- North American cover art
- Developer: Hot-B
- Publishers: NA: Vic Tokai; JP: Hot-B;
- Composer: Masaharu Iwata
- Platform: Sega Genesis/Mega Drive
- Release: NA: July 1992; JP: September 26, 1992;
- Genre: Sports
- Mode: Single-player

= King Salmon (video game) =

1992 video game

King Salmon: The Big Catch (キングサーモン) is a 1992 Sega Genesis/Mega Drive fishing video game that was developed by Hot-B and was released by Vic Tokai in North America. It was due for release in Europe by July, but the plan was cancelled.

==Gameplay==
Players participate in a big fishing derby; and spend a day catching as many king salmon as possible. Many activities of real-life fishing are included like driving the boat, assembling the lure onto the fishing rod and overcome a motley crew of fishermen at the same time.
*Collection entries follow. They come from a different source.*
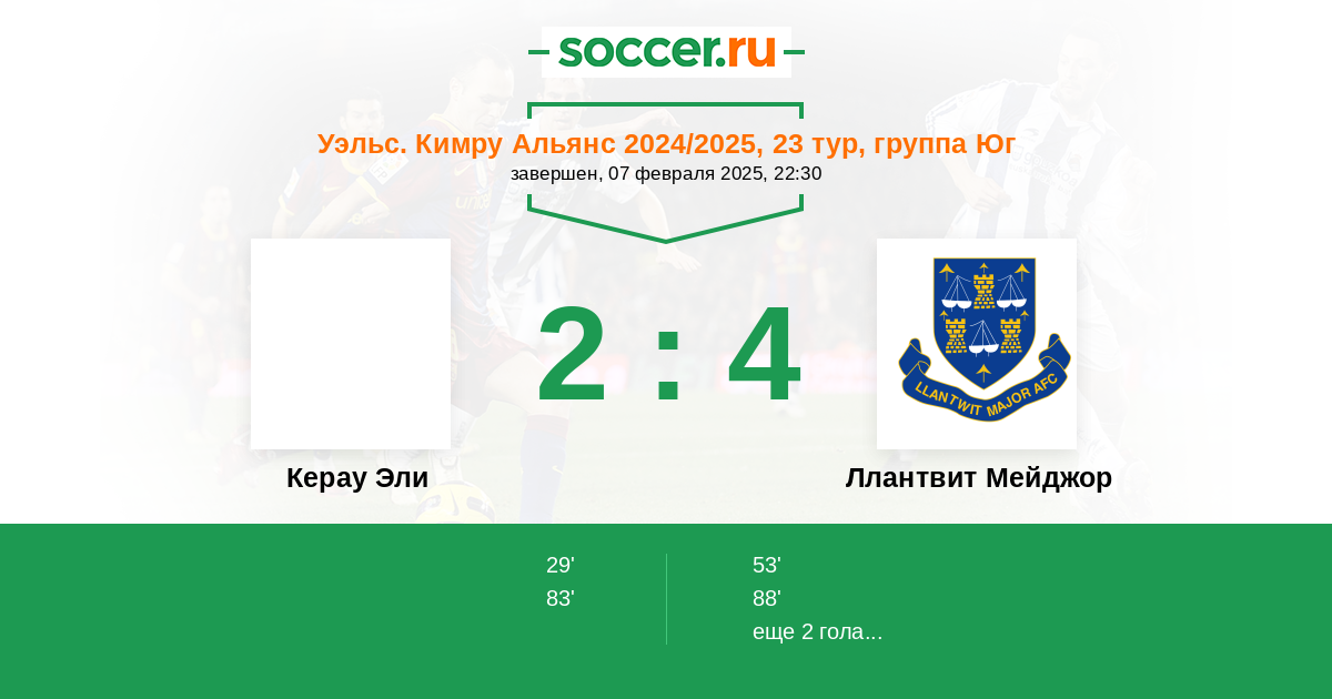 Протокол матча Керау Эли против Ллантвит Мейджор
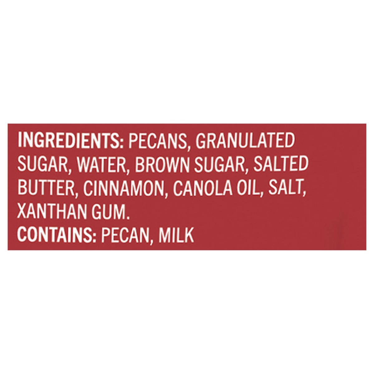 Pecans, Sugar, Brown Sugar (Brown Sugar [Sugar, Cane Syrups]), Cinnamon, Salt, Salted Butter (Pasteurized Cream, Salt), Tact (Maltodextrin, Dextrose, Lecithin, and Xanthan Gum), Soybean Oil, Canola Oi…
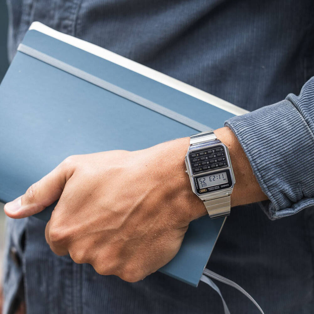 - Kultowy design w stylu vintage - stylizowany na klasyczne zegarki i kalkulatory z lat 80. Casio
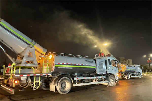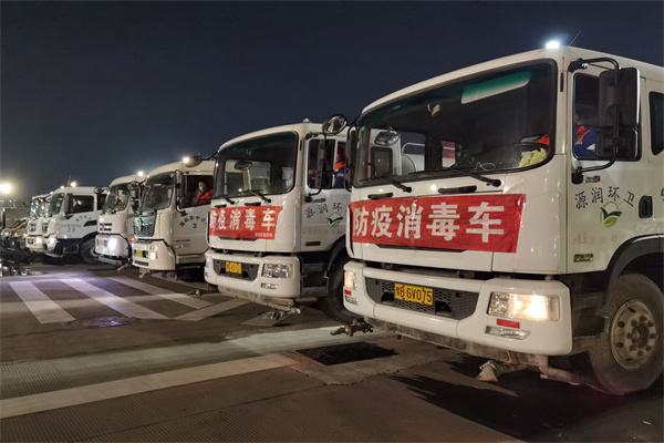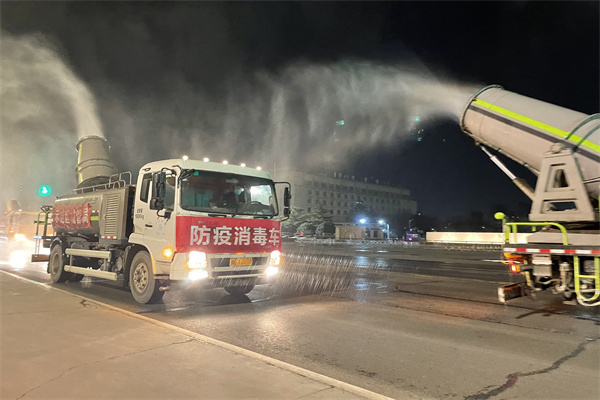 晚9點(diǎn),工作人員和消殺車輛已全部準(zhǔn)備就緒,隨著裝有消毒水的大型霧炮車、步道車、消毒灑水車緩緩駛向街道,消殺工作全面啟動(dòng)。
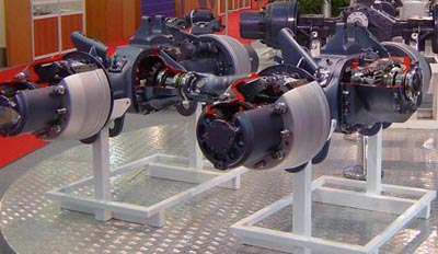 在海格客車技術中心工程師王永濤看來,輪邊驅(qū)動具備十分突出的優(yōu)勢?!笆紫?,采用輪邊驅(qū)動可以使車輛驅(qū)動系統(tǒng)及整車結構更加簡潔、緊湊,容易實現(xiàn)低地板及站立面積和載客數(shù)的增加。同時,還能使整車重心降低,提高車輛行駛穩(wěn)定性。另外,輪邊驅(qū)動系統(tǒng)由于動力傳動鏈短,而且能通過能源管理和動力系統(tǒng)控制策略優(yōu)化驅(qū)動及制動力分配,降低能源消耗,提升車輛燃油經(jīng)濟性。與內(nèi)燃機、集中電機驅(qū)動車輛相比,輪邊驅(qū)動技術還能大大改善車輛的行駛動力學性能,能夠通過電機控制技術,較為容易的實現(xiàn)ABS、TCS及ESP功能;除此之外,該系統(tǒng)可提高車輛轉(zhuǎn)向行駛性能,并有效減小轉(zhuǎn)向半徑,甚至零轉(zhuǎn)向半徑,大大增加了轉(zhuǎn)向靈便性?!彼f道。

As players become successful in catching fish, they become stronger and more adept fishermen themselves. This system operates similar to a role-playing video game. Players can choose between a leisurely fishing trip that involves the aspect of fishing on a sunny afternoon or a championship mode where the game's story takes effect. One of the settings in the game is Vancouver Island; one of the places where king salmon are abundant.

Passwords allow players to resume where they left off.